TASK PROMPT: All of the entries below need repeating exactly, apart from their images.

SUPPLIED DATA:
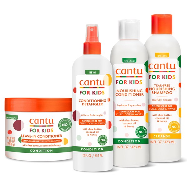 Cantu Care for Kids Haircare Regimen Set with Large Size Shampoo + Conditioner + Detangler + Leave-In Conditioner (Pack of 4)
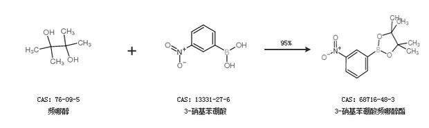 1.通过频哪醇和3-硝基苯硼酸合成3-硝基苯硼酸频哪醇酯,收率约95%;
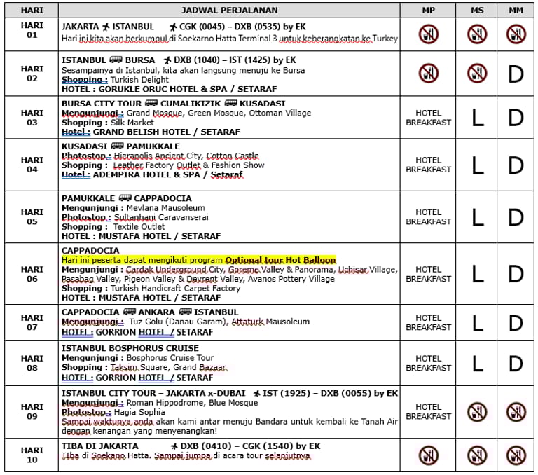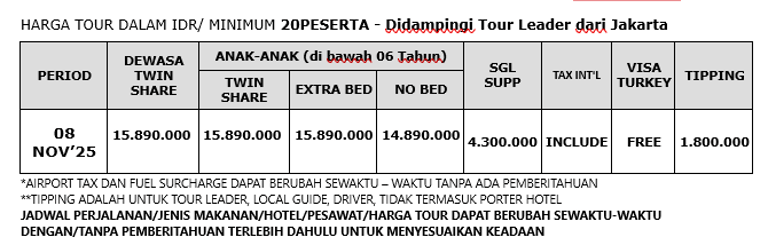 Rasakan petualangan eksklusif selama 10 hari di Turkey dengan paket 'Turkey Dream + Bosphorus Cruise 10D'! Jelajahi misteri Cardak Underground City, nikmati pemandangan menakjubkan di Göreme Valley & Panorama, dan lengkapi perjalanan Anda dengan pengalaman berlayar di Bosphorus Cruise. Paket ini termasuk akomodasi nyaman, transportasi modern, makanan lezat khas Turki, dan panduan profesional. Cocok untuk segala usia dan tersedia dalam beberapa pilihan tanggal untuk fleksibilitas perjalanan Anda.
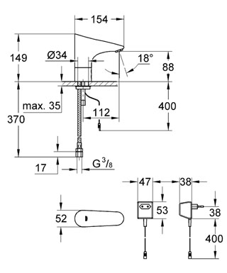 Змішувач для раковини електронний сенсорний Grohe колекція Europlus E хром 36016000
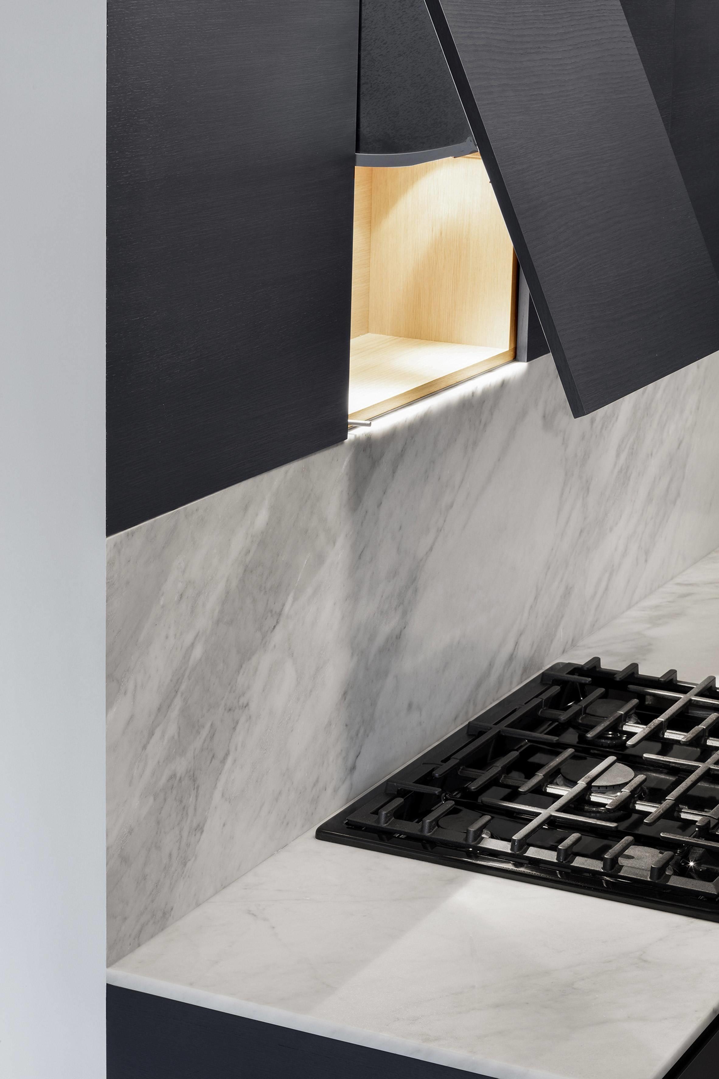 Столешница рабочей зоны и фартук выполнены из классического каррарского мрамора - белоснежного, с сетью светло-серых прожилок.

SOLVED PROBLEM:
 Cantu Care for Kids Haircare Regimen Set with Large Size Shampoo + Conditioner + Detangler + Leave-In Conditioner (Pack of 4)
 1.通过频哪醇和3-硝基苯硼酸合成3-硝基苯硼酸频哪醇酯,收率约95%;
 Rasakan petualangan eksklusif selama 10 hari di Turkey dengan paket 'Turkey Dream + Bosphorus Cruise 10D'! Jelajahi misteri Cardak Underground City, nikmati pemandangan menakjubkan di Göreme Valley & Panorama, dan lengkapi perjalanan Anda dengan pengalaman berlayar di Bosphorus Cruise. Paket ini termasuk akomodasi nyaman, transportasi modern, makanan lezat khas Turki, dan panduan profesional. Cocok untuk segala usia dan tersedia dalam beberapa pilihan tanggal untuk fleksibilitas perjalanan Anda.
 Змішувач для раковини електронний сенсорний Grohe колекція Europlus E хром 36016000
 Столешница рабочей зоны и фартук выполнены из классического каррарского мрамора - белоснежного, с сетью светло-серых прожилок.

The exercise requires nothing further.